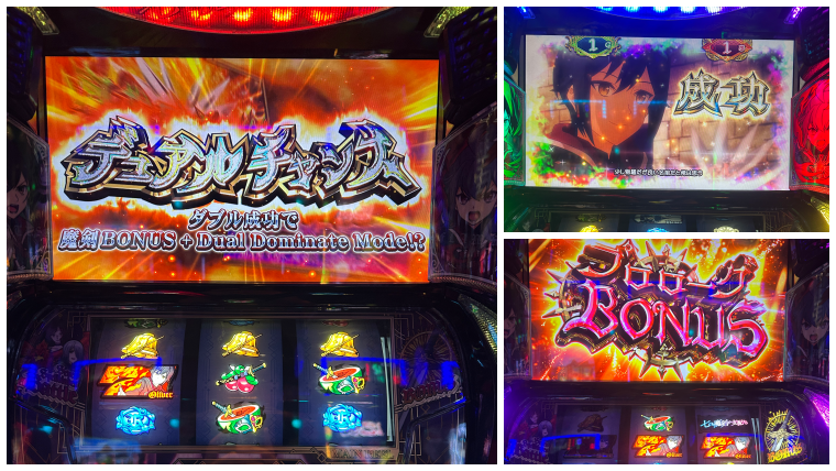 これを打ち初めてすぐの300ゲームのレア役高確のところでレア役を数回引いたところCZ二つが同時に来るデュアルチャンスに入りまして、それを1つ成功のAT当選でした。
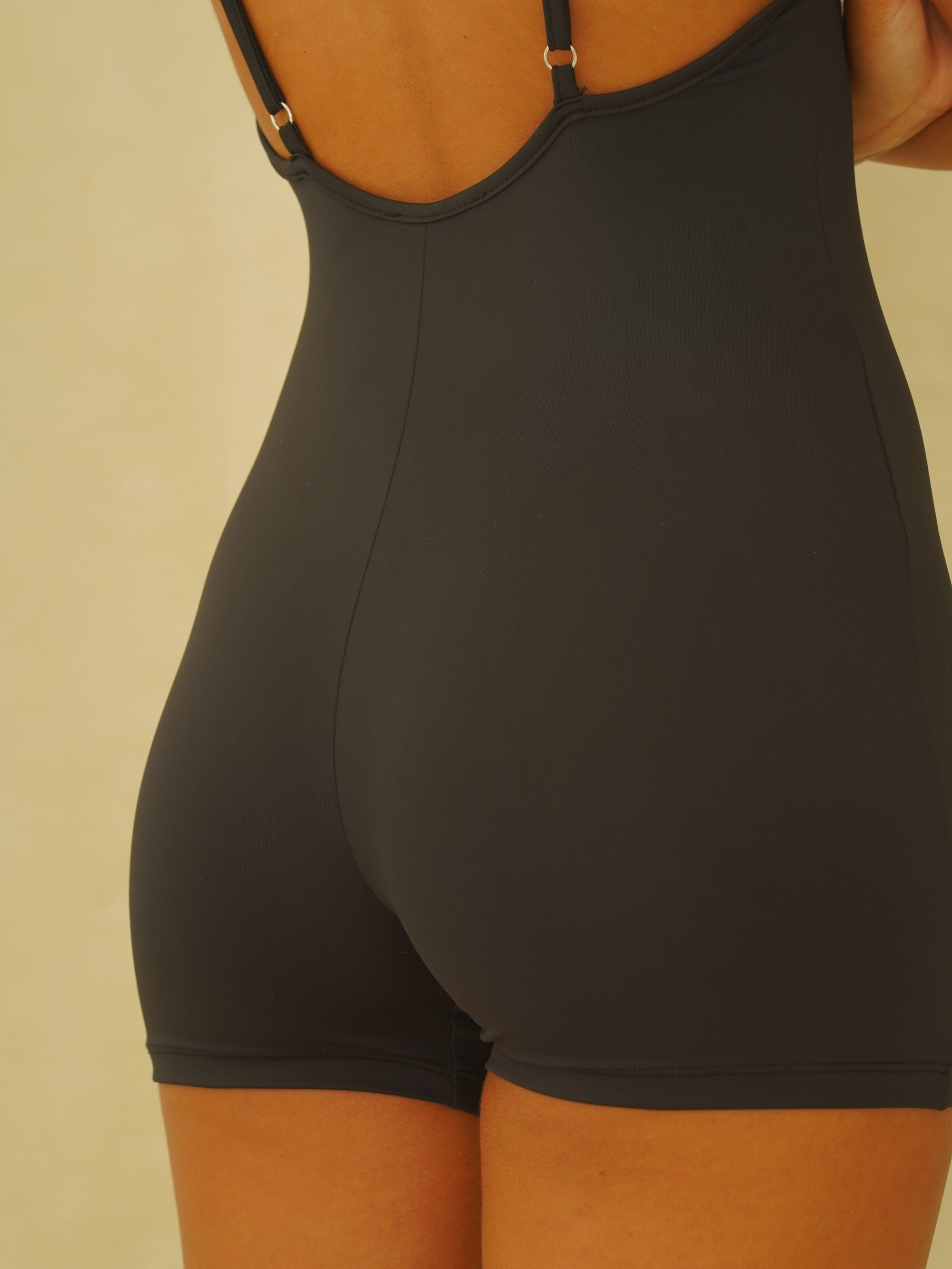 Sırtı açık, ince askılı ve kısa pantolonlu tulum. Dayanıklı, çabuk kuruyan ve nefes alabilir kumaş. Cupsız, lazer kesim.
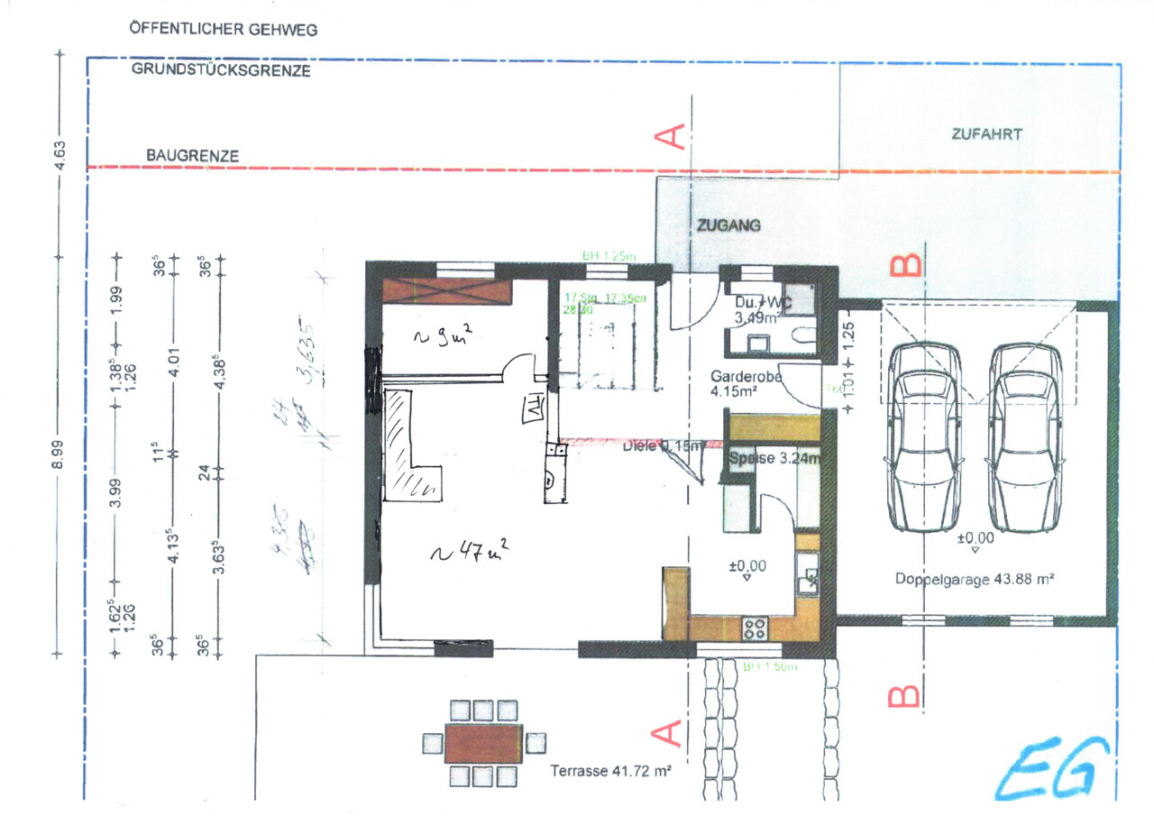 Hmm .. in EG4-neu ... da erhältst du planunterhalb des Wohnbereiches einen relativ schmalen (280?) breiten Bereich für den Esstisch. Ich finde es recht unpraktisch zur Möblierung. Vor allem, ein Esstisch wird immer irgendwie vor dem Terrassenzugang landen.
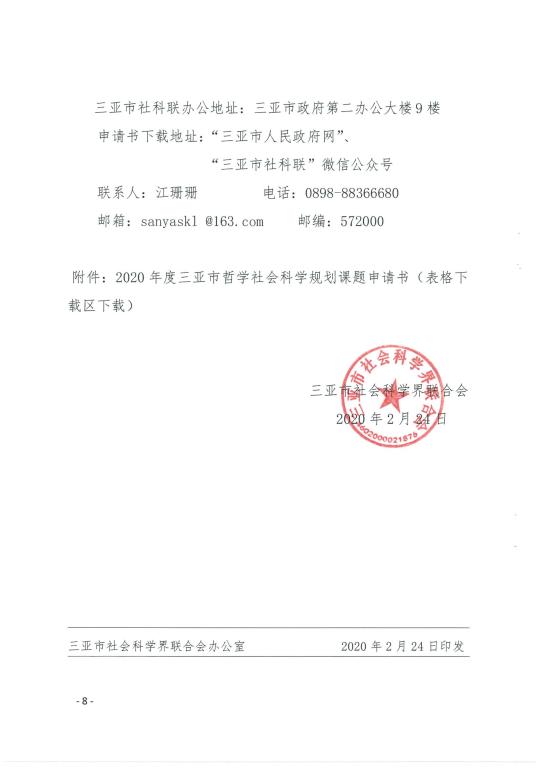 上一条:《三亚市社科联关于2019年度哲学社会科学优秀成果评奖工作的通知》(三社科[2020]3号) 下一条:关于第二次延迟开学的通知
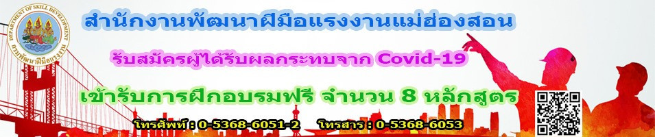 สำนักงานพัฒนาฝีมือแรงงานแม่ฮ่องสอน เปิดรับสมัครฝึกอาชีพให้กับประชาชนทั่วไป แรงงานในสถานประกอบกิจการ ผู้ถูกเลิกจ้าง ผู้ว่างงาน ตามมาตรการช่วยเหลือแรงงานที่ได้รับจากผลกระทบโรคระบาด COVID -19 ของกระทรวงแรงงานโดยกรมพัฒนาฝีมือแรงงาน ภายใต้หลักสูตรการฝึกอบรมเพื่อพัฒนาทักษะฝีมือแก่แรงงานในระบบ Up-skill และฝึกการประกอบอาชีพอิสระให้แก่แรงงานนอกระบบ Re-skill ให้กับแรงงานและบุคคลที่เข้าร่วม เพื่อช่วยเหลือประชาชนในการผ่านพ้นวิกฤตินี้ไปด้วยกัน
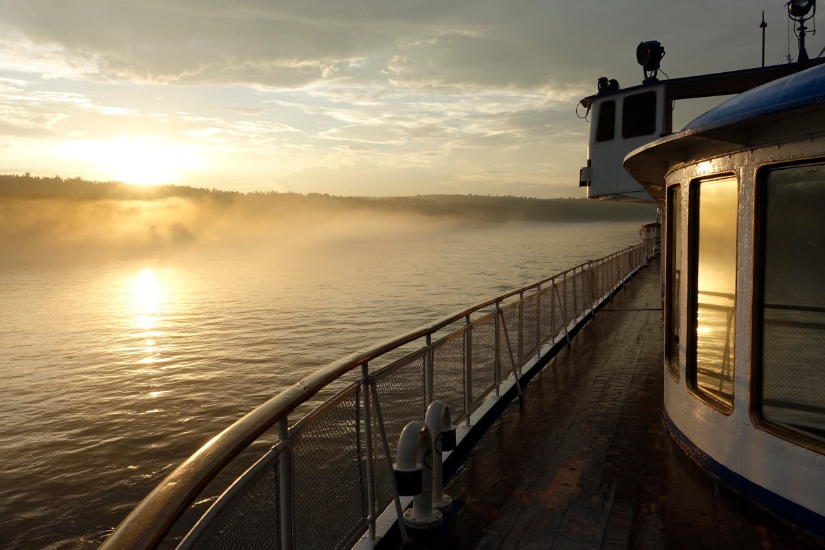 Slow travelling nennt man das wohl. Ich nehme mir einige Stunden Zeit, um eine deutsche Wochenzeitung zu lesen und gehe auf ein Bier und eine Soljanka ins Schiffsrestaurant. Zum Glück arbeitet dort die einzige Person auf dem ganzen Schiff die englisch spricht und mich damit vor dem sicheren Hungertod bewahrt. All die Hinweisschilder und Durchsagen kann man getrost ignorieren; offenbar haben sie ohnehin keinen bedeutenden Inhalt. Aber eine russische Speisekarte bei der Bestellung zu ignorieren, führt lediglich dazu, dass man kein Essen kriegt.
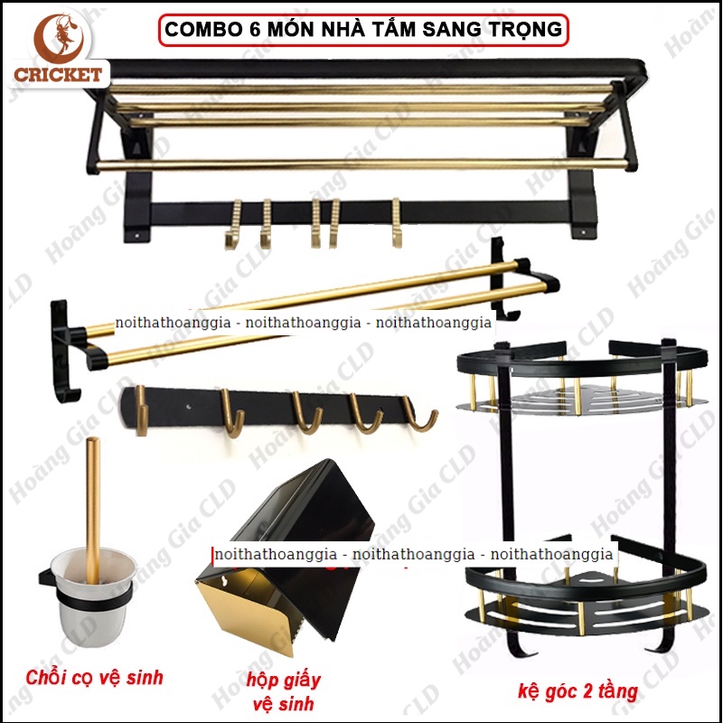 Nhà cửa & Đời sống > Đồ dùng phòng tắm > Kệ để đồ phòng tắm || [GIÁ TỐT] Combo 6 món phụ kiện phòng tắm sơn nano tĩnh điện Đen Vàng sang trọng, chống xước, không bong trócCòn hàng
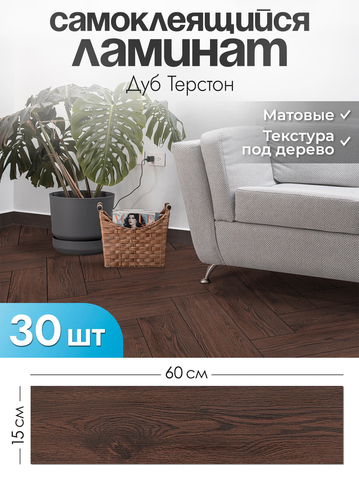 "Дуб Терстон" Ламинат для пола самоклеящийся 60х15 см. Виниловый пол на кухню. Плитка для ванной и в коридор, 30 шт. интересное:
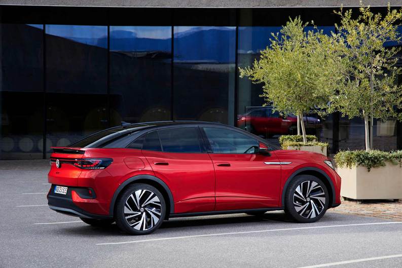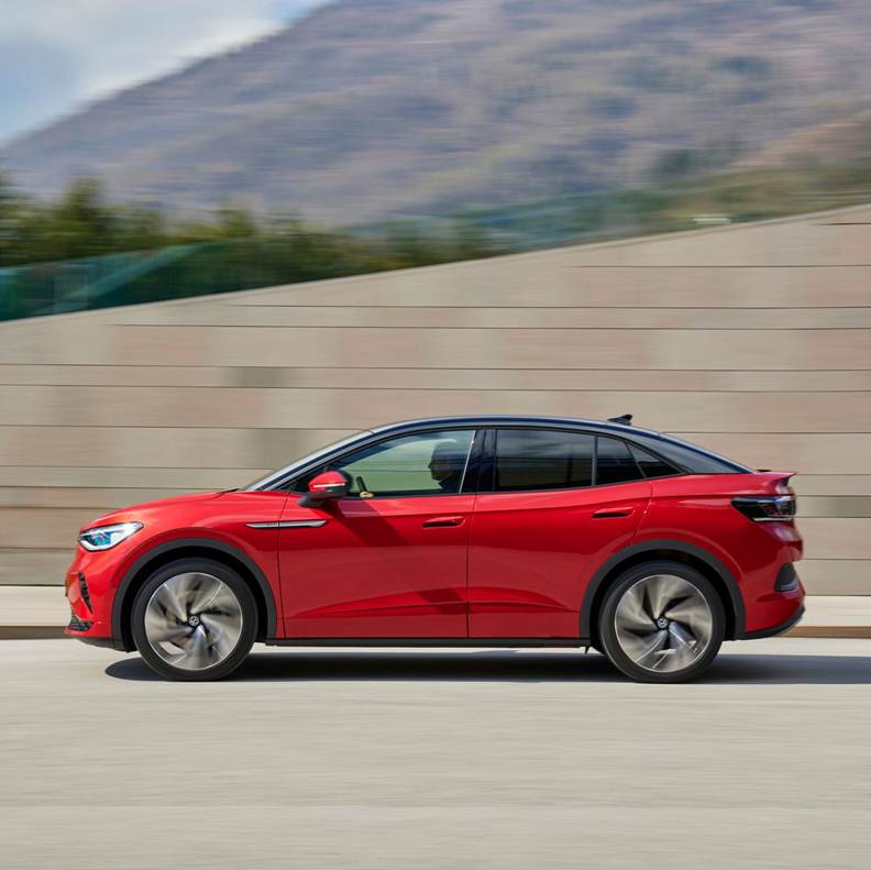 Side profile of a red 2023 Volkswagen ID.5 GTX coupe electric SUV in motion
▬▬▬▬▬▬▬▬▬▬
§ ACTIVITY
Could you return each line, unchanged, from the line containing "แรงงานในสถานประกอบกิจการ ผู้ถูกเลิกจ้าง ผู้ว่างงาน" through the last line of the entries above, leaving out the pictures?

§ RESULT FOR THIS EXERCISE
 สำนักงานพัฒนาฝีมือแรงงานแม่ฮ่องสอน เปิดรับสมัครฝึกอาชีพให้กับประชาชนทั่วไป แรงงานในสถานประกอบกิจการ ผู้ถูกเลิกจ้าง ผู้ว่างงาน ตามมาตรการช่วยเหลือแรงงานที่ได้รับจากผลกระทบโรคระบาด COVID -19 ของกระทรวงแรงงานโดยกรมพัฒนาฝีมือแรงงาน ภายใต้หลักสูตรการฝึกอบรมเพื่อพัฒนาทักษะฝีมือแก่แรงงานในระบบ Up-skill และฝึกการประกอบอาชีพอิสระให้แก่แรงงานนอกระบบ Re-skill ให้กับแรงงานและบุคคลที่เข้าร่วม เพื่อช่วยเหลือประชาชนในการผ่านพ้นวิกฤตินี้ไปด้วยกัน
 Slow travelling nennt man das wohl. Ich nehme mir einige Stunden Zeit, um eine deutsche Wochenzeitung zu lesen und gehe auf ein Bier und eine Soljanka ins Schiffsrestaurant. Zum Glück arbeitet dort die einzige Person auf dem ganzen Schiff die englisch spricht und mich damit vor dem sicheren Hungertod bewahrt. All die Hinweisschilder und Durchsagen kann man getrost ignorieren; offenbar haben sie ohnehin keinen bedeutenden Inhalt. Aber eine russische Speisekarte bei der Bestellung zu ignorieren, führt lediglich dazu, dass man kein Essen kriegt.
 Nhà cửa & Đời sống > Đồ dùng phòng tắm > Kệ để đồ phòng tắm || [GIÁ TỐT] Combo 6 món phụ kiện phòng tắm sơn nano tĩnh điện Đen Vàng sang trọng, chống xước, không bong trócCòn hàng
 "Дуб Терстон" Ламинат для пола самоклеящийся 60х15 см. Виниловый пол на кухню. Плитка для ванной и в коридор, 30 шт. интересное:
 Side profile of a red 2023 Volkswagen ID.5 GTX coupe electric SUV in motion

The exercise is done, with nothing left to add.